Starting to write a novel is easy. Writers have the spark of an idea, a rush of creativity, and the flush of embarking on a new venture. 

But then reality kicks in. They realize that writing a novel is darn hard work. What’s wrong? They don’t know how to write a novel.

Here, 5 steps you need to write a great novel:

1. Start With Character

To create a flesh-and-blood character, you need to do some legwork before you even start writing. I’ve seen authors come up with a number of interesting traits for their characters, but the traits may seem more like ticks the author thought would be interesting, rather than ones that arise out of a deeply embedded worldview. The author knows the character only as well as he would know someone he had just met at a cocktail party.

What the novelist needs is a complete understanding of a character’s worldview. This requires a backstory. Backstories shape everything, especially how your character sees the world — his or her point of view [POV].
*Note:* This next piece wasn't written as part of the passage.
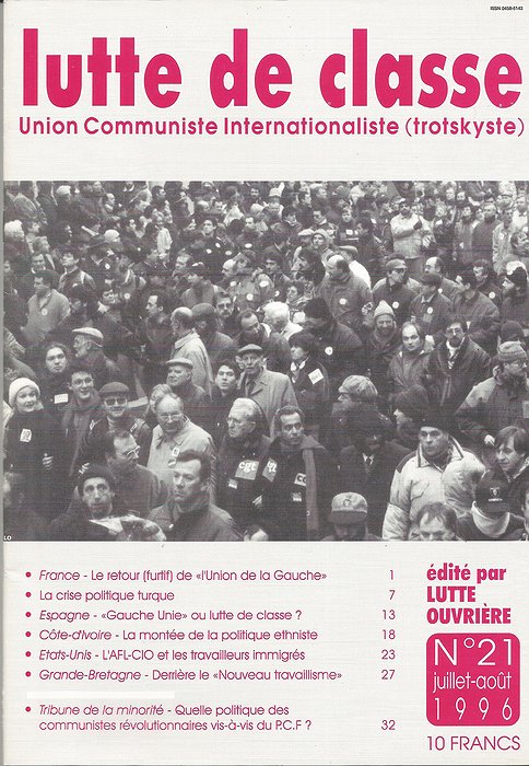 Avertissement : Les lecteurs de "Lutte de Classe" savent qu'il existe au sein de notre organisation une tendance minoritaire qui soumet des textes différents de ceux de la majorité aux votes de nos camarades, lors de nos conférences nationales. Ces textes sont systématiquement publiés dans nos colonnes. Ces camarades ont …

You may not use everything you invent about a character’s past. Even so, to know how your character will change throughout your story (and indeed he or she must!), you need to really know your character. Simple.

Do this kind of in-depth work for every single important character in your book.

2. Create Key Moments

Now that you have rich, real characters, it’s time to put them through the ringer. Remember: Plots cannot exist without conflict. Key moments create conflict, continuously upping the stakes.

Think of a placid pond as the current reality that you introduce readers to at the beginning of your novel. Now picture what happens when a stone is cast into that pond. The water is disturbed and ripples form –the plot is in motion. Think of each key moment as another stone tossed into that pond. How do your characters react to it? Does it make them change? If so – how?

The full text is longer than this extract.